(DATA FOR THIS TASK)
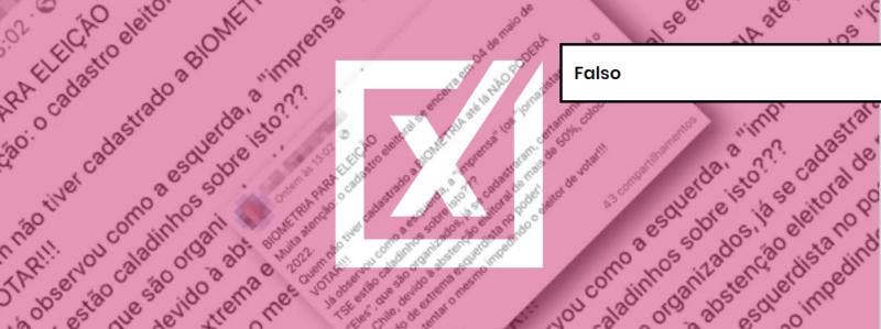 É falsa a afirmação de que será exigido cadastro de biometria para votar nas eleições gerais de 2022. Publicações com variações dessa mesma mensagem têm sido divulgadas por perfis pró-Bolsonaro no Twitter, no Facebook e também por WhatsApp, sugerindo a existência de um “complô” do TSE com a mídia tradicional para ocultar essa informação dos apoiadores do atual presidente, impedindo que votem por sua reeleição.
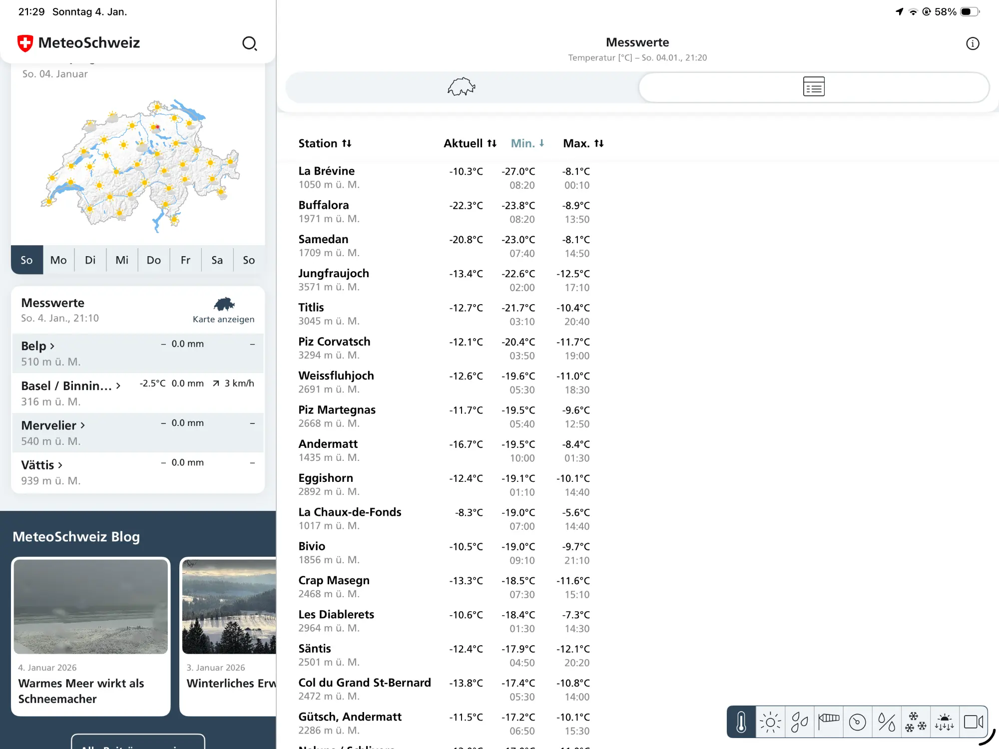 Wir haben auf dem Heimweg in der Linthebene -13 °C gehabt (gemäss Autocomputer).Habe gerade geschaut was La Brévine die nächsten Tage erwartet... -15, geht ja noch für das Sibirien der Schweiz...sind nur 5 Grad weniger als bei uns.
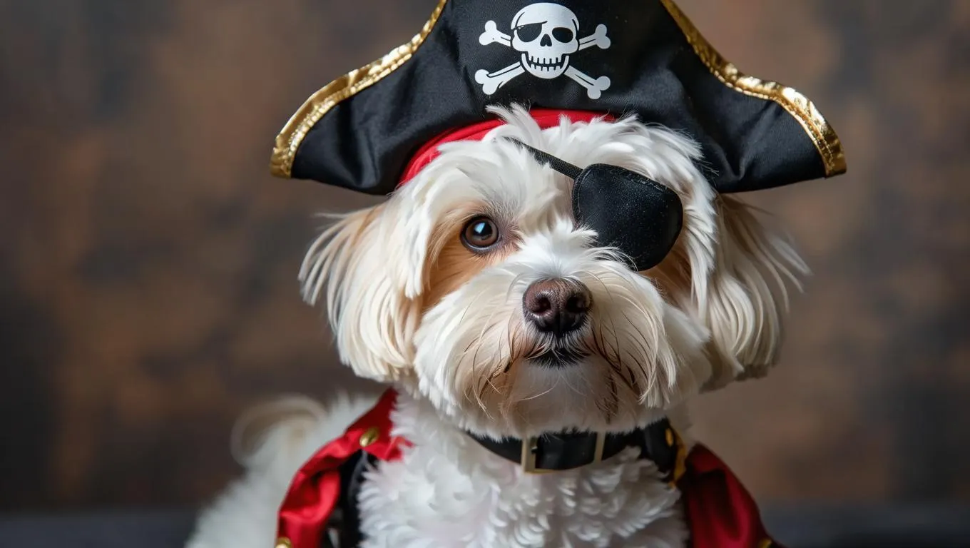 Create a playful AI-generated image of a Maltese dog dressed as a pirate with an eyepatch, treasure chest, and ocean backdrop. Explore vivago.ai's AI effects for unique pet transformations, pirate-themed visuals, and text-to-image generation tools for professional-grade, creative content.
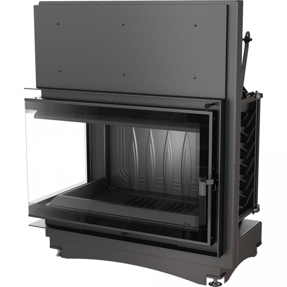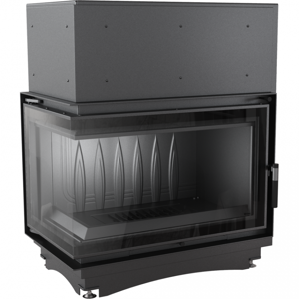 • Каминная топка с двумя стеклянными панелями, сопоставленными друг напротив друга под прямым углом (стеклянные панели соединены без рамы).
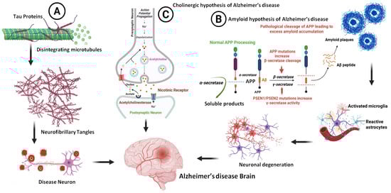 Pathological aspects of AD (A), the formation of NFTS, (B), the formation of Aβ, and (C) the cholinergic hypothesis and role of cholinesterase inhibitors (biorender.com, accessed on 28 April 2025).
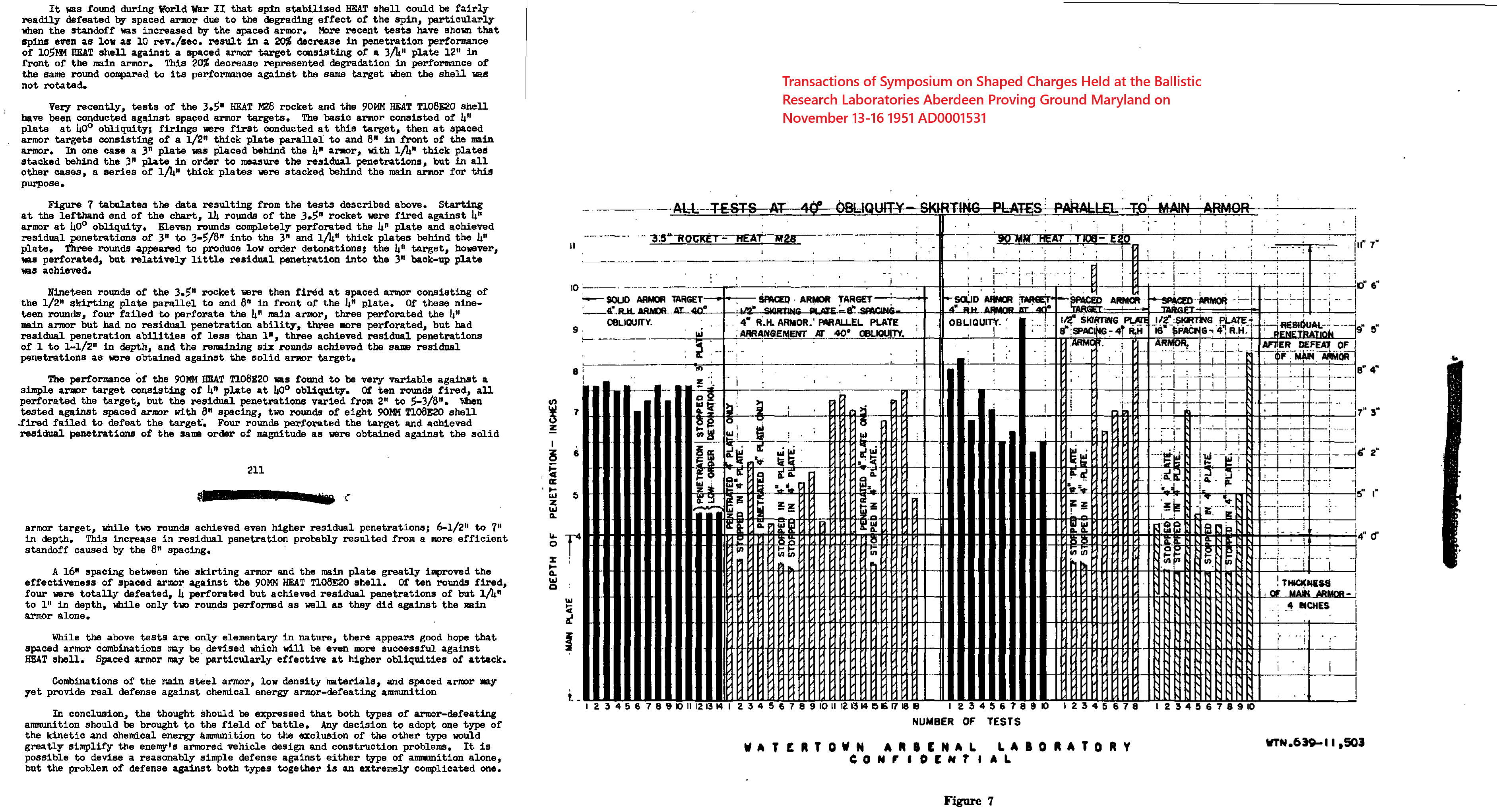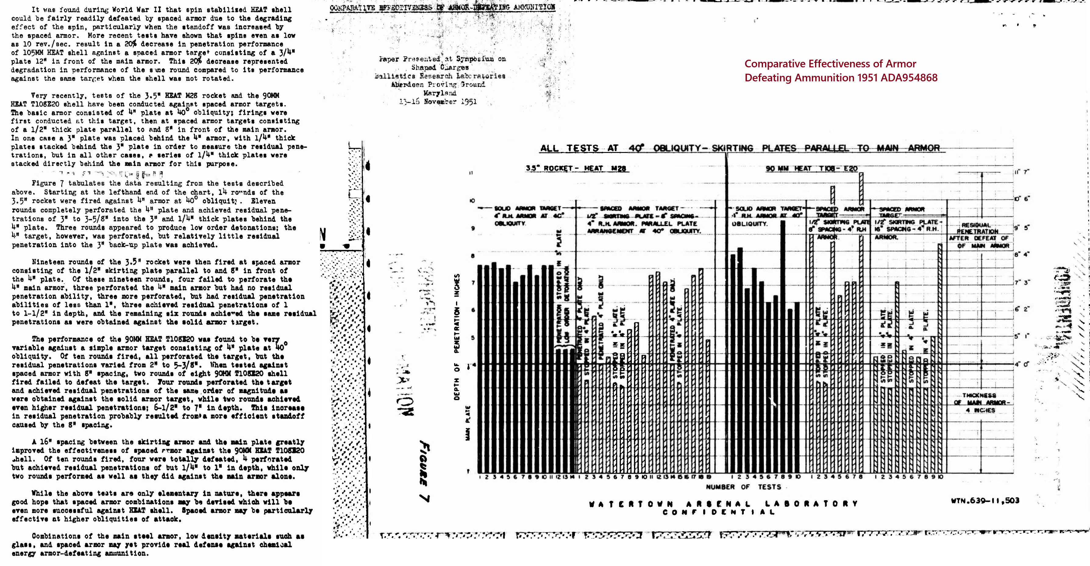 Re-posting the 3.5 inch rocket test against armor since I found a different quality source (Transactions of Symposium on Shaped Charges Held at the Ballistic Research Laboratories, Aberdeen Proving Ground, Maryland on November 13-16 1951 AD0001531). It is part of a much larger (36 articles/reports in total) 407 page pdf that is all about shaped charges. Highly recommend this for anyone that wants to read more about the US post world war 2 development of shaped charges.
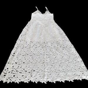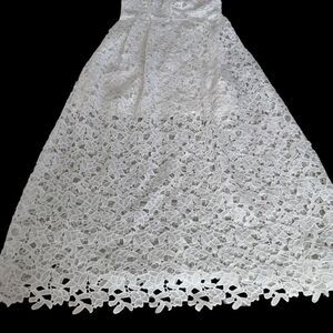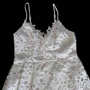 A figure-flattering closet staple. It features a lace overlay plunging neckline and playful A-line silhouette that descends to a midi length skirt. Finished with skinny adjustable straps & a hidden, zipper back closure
(End DATA FOR THIS TASK)
All of the entries above should be copied exactly, with the images left out.

__ANSWER TO THIS EXERCISE__.
 É falsa a afirmação de que será exigido cadastro de biometria para votar nas eleições gerais de 2022. Publicações com variações dessa mesma mensagem têm sido divulgadas por perfis pró-Bolsonaro no Twitter, no Facebook e também por WhatsApp, sugerindo a existência de um “complô” do TSE com a mídia tradicional para ocultar essa informação dos apoiadores do atual presidente, impedindo que votem por sua reeleição.
 Wir haben auf dem Heimweg in der Linthebene -13 °C gehabt (gemäss Autocomputer).Habe gerade geschaut was La Brévine die nächsten Tage erwartet... -15, geht ja noch für das Sibirien der Schweiz...sind nur 5 Grad weniger als bei uns.
 Create a playful AI-generated image of a Maltese dog dressed as a pirate with an eyepatch, treasure chest, and ocean backdrop. Explore vivago.ai's AI effects for unique pet transformations, pirate-themed visuals, and text-to-image generation tools for professional-grade, creative content.
 • Каминная топка с двумя стеклянными панелями, сопоставленными друг напротив друга под прямым углом (стеклянные панели соединены без рамы).
 Pathological aspects of AD (A), the formation of NFTS, (B), the formation of Aβ, and (C) the cholinergic hypothesis and role of cholinesterase inhibitors (biorender.com, accessed on 28 April 2025).
 Re-posting the 3.5 inch rocket test against armor since I found a different quality source (Transactions of Symposium on Shaped Charges Held at the Ballistic Research Laboratories, Aberdeen Proving Ground, Maryland on November 13-16 1951 AD0001531). It is part of a much larger (36 articles/reports in total) 407 page pdf that is all about shaped charges. Highly recommend this for anyone that wants to read more about the US post world war 2 development of shaped charges.
 A figure-flattering closet staple. It features a lace overlay plunging neckline and playful A-line silhouette that descends to a midi length skirt. Finished with skinny adjustable straps & a hidden, zipper back closure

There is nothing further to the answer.